当前位置：网站首页>Mysql: summary of common sub database and sub table schemes of Internet companies

Mysql: summary of common sub database and sub table schemes of Internet companies

2022-07-27 03:20:00 【Fat technology house】

One 、 Database bottleneck

IO bottleneck
CPU bottleneck

Two 、 Sub database and sub table

Horizontal sub database
Horizontal sub table
Vertical sub database
Vertical sub table

3、 ... and 、 Sub database and sub table tool

Four 、 Steps of sub database and sub table

5、 ... and 、 The problem of sub database and sub table

Not partition key Query questions for
Not partition key Cross database and cross table paging query
Capacity expansion

6、 ... and 、 Summary of sub database and sub table

7、 ... and 、 Example of sub database and sub table

One 、 Database bottleneck

Whether it's IO bottleneck , still CPU bottleneck , Eventually, the number of active connections to the database will increase , Furthermore, the threshold of the number of active connections that the database can carry is approached or even reached . In the business Service Come and see , Few or no database connections available . Now you can imagine （ Concurrency 、 throughput 、 collapse ）.

1、IO bottleneck

The first one is ： Disk read IO bottleneck , Too much hot data , The database cache can't hold , A large number of IO, Reduce query speed -> Sub database and vertical sub table .

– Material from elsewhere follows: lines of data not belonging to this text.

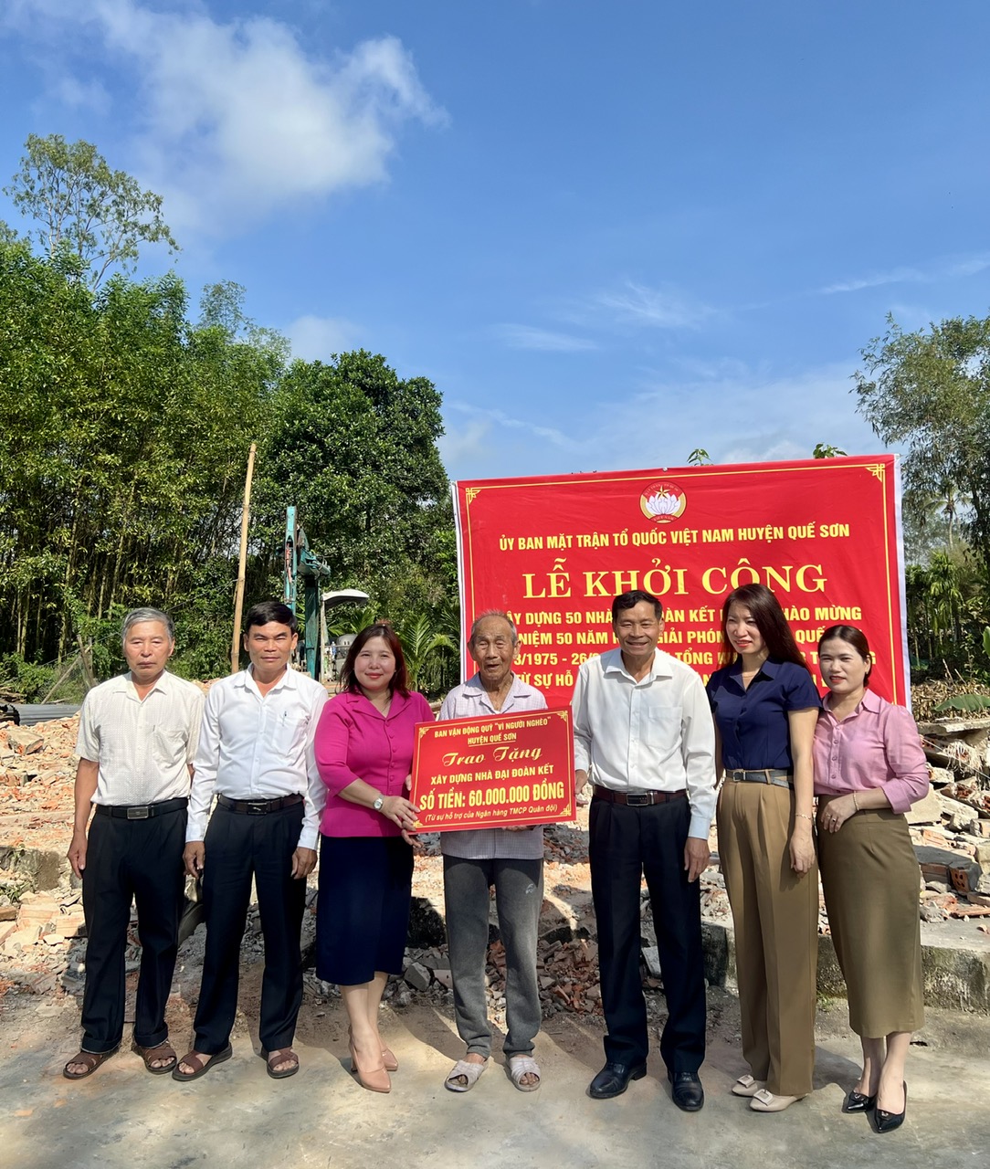 Năm 2025, Ngân hàng TMCP Quân đội đã ủng hộ Quỹ “Vì người nghèo” huyện Quế Sơn 3 tỷ đồng để xây dựng 50 nhà Đại đoàn kết cho hộ nghèo, cận nghèo, hộ có hoàn cảnh đặc biệt khó khăn (mỗi nhà 60 triệu đồng). Dự kiến các ngôi nhà này hoàn thành xây dựng và đưa vào sử dụng trước tháng 7/2025.
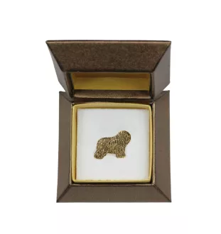 Polnischer Niederungshütehund, PON I - Hundebrosche in dekorativer Box, elegante vergoldete Anstecknadel, Jackenbrosche der Marke Art-Dog
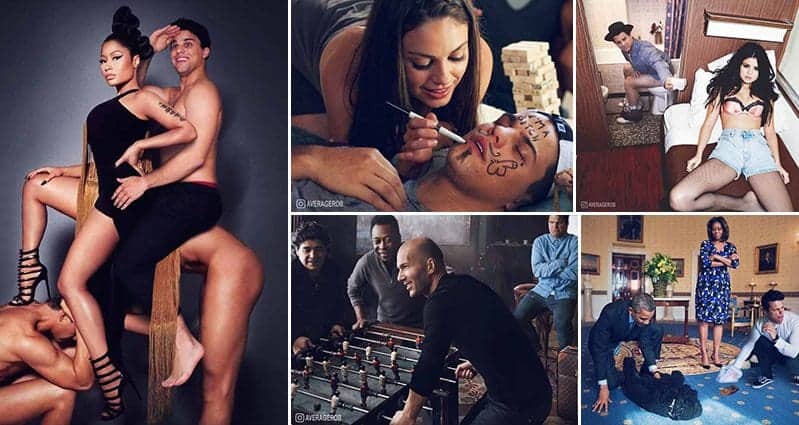 Welcome to part 2 of our series on images showing a hilarious guy Photoshopping himself into celebrity photos with unexpected results! We really like Average Rob’s sense of humor and his Photoshopping skills aren’t too bad either! These types of images really make us want to have a crack at doing some photo editing ourselves. We hope some of the celebrities involved in Rob’s images have been able to see his work and have a good chuckle! Keep going for more amusing photos!
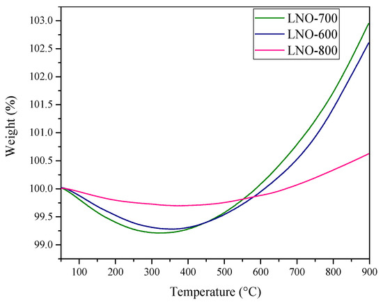 An additional TG analysis was carried out under an O2 atmosphere to elucidate the presence of LaNiO3 vacancies (Figure 6). These thermograms showed weight loss lower than 0.75% for LNO-600 and LNO-700 and 0.30% for LNO-800 at T < 300 °C, attributed to surface dehydration and dehydroxylation processes. After that, the thermograms showed a continuous weight increase process between 350 and 900 °C, indicating the O2 sorption associated with the presence of anion vacancies (Va)—most likely oxygen vacancies—where the mass gain is 3.7, 3.0, and 0.5% for LNO-700, LNO-600, and LNO-800, respectively. These results confirmed that LaNiO3 samples obtained at lower calcination temperatures present larger amounts of oxygen vacancies.
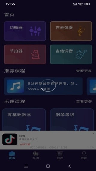 2、首页推送功能丰富多样,涵盖均衡器、吉他弹奏、节拍器以及吉他调音等实用工具。
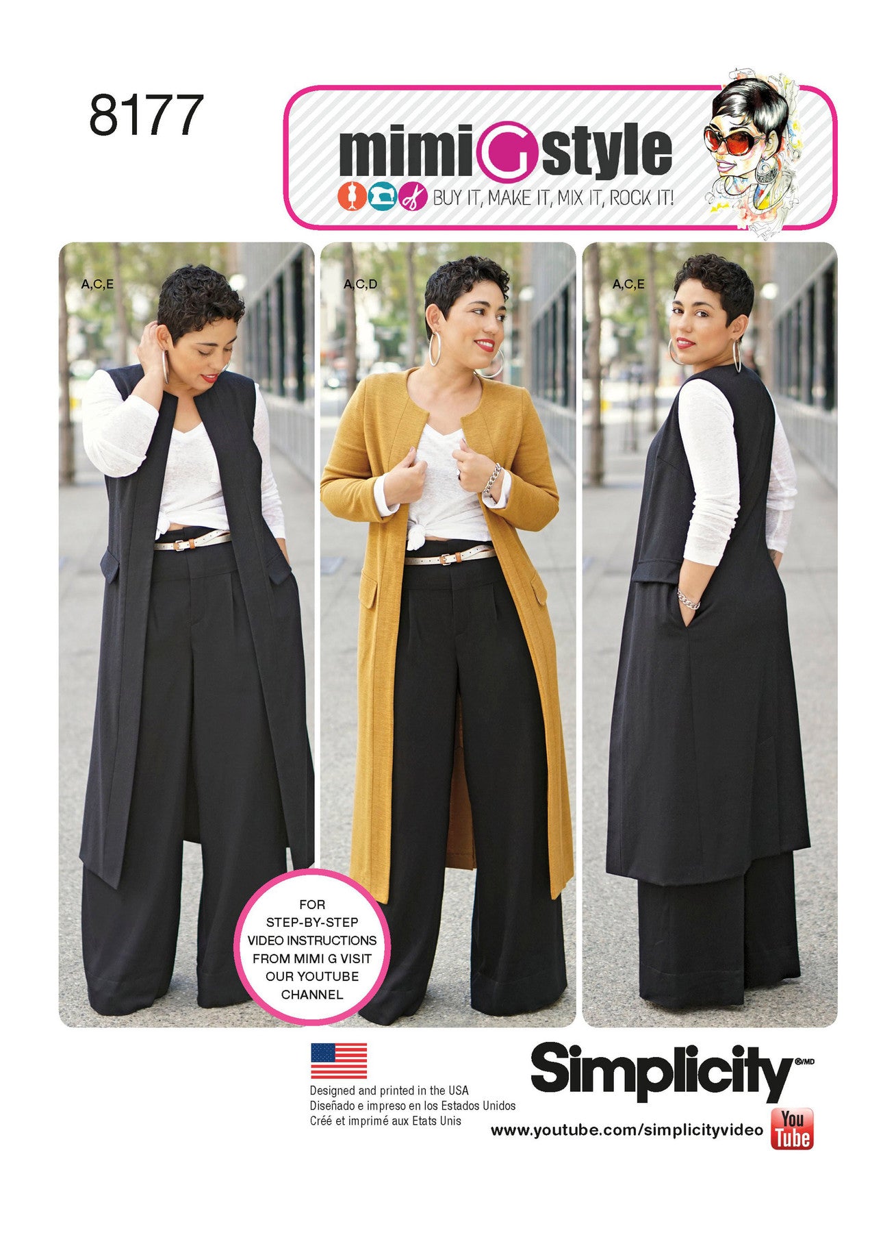 Simplicity S8177 – Mimi G Style Pants, Coat/Vest & Knit Top Sewing Pattern (Sizes 10–18)

The second kind ： The Internet IO bottleneck , Too much data requested , The network bandwidth is not enough -> sub-treasury .

2、CPU bottleneck

The first one is ：SQL problem , Such as SQL Contained in the join,group by,order by, Non index field condition query, etc , increase CPU The operation of operations -> SQL Optimize , Build the right index , In the business Service Layer for Business Computing .

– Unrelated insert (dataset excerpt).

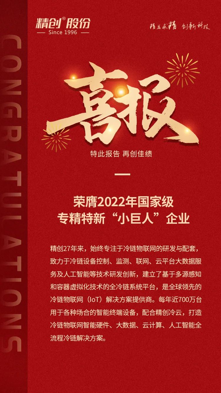 近日,工業和信息化部第四批國家級專精特新“小巨人”企業名單公示出爐,江蘇省精創電氣股份有限公司成功上榜。 專精特新“小巨人”企業,是指專注于細分市場、聚焦主業、創新能力強、有較強品牌知名度、市場占有率高、成長性好的企業。身懷絕技卻默默無聞,獨占鰲頭又是隱形冠軍,這或許就是專精特新“小巨人”的特征。 在當前經濟社會發展形勢下,國家級專精特新“小巨人”企業在引領實體經濟,特別是制造業做實、做強、做優,提升產業鏈、供應鏈穩定性和競爭力方面處于舉足輕重的地位,在穩定國家經濟社會發展方面發揮了中流砥柱的作用。 近年來,精創積極響應國家、省、市關于“專精特新”企業的相關決策部署,此次入選國家級專精特新“小巨人”企業,標志著精創得到了國家級層面的肯定,更是表明國家對企業技術創新、市場開拓和品牌建設的肯定。 精創27年來,始終專注于冷鏈物聯網的研發與配套,致力于冷鏈設備控制、監測、聯網、云平臺大數據服務及人工智能等技術研發創新,建立了基于多源感知和容器虛擬化技術的全冷鏈系統平臺,是全球領先的冷鏈物聯網(IoT)解決方案提供商。每年近700萬臺用于各種場合的智能終端設備,配合精創冷云,打造冷鏈物聯網智能硬件、大數據、云計算、人工智能全流程冷鏈解決方案。 在國家冷鏈基礎設施網絡建設領域起到補短板、領頭羊的重要作用,精創率先實現“疫苗冷鏈系統平臺關鍵技術”,從百余家中國物聯網參評企業中脫穎而出,一舉斬獲2021物聯之星“最具投資價值企業”獎,為全球用戶提供了現實可利用的解決方案。 在冷鏈溫控領域,憑借過硬的產品性能和專業的技術服務,精創為全球冷鏈市場提供了專業可靠的系統解決方案。在美國硅谷、英國倫敦、巴西、波蘭、俄羅斯,中國深圳、上海、南京設有8處全資子公司,業務遍及全球120多個國家和地區,全球核心代理與技術合作伙伴達150余家。全球化和跨區域戰略,使精創進一步融合全球先進技術,充分利用全球的人才科技資源為己所用。 “專精特新”企業在國內外都是非常重要的認可,此次被認定為國家級專精特新“小巨人”企業,是對精創過去在冷鏈物聯網領域專業化、精細化、特色化、新穎化等方面所作努力的肯定,也是對精創核心技術、創新能力、管理體系、市場競爭力等綜合實力的高度認可。 作為國家冷鏈基礎設施設備及冷鏈物聯網領域產業升級的重要參與者,精創將持續走“專精特新”道路,不斷加碼核心創新技術,對標全球頭部企業,夯實產品服務能力,在細分領域、專業賽道、縫隙市場上不斷做大做強做優,為冷鏈供應鏈全流程數字化貢獻中國企業力量。
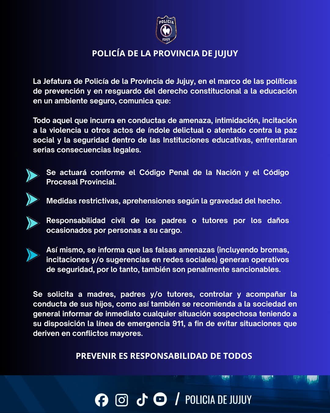 Luego de una ola de amenazas de tiroteo en establecimientos educativos de todo el país y especialmente en Jujuy, la Policía de la provincia emitió un comunicado advirtiendo que padres o tutores serán responsables por las acciones de los menores.

The second kind ： The amount of data in a single table is too large , Too many rows scanned during query ,SQL Low efficiency ,CPU First bottleneck -> Horizontal sub table .

Two 、 Sub database and sub table

1、 Horizontal sub database

Concept ： Based on fields , According to a certain strategy （hash、range etc. ）, Split data from one library into multiple libraries .

result ：

The structure of each library is the same ;
The data in each library is different , There is no intersection ;
The union of all libraries is full data .

scene ： The absolute concurrency of the system is up , It is difficult to solve the problem fundamentally by dividing tables , And there is no obvious business ownership to divide the database vertically .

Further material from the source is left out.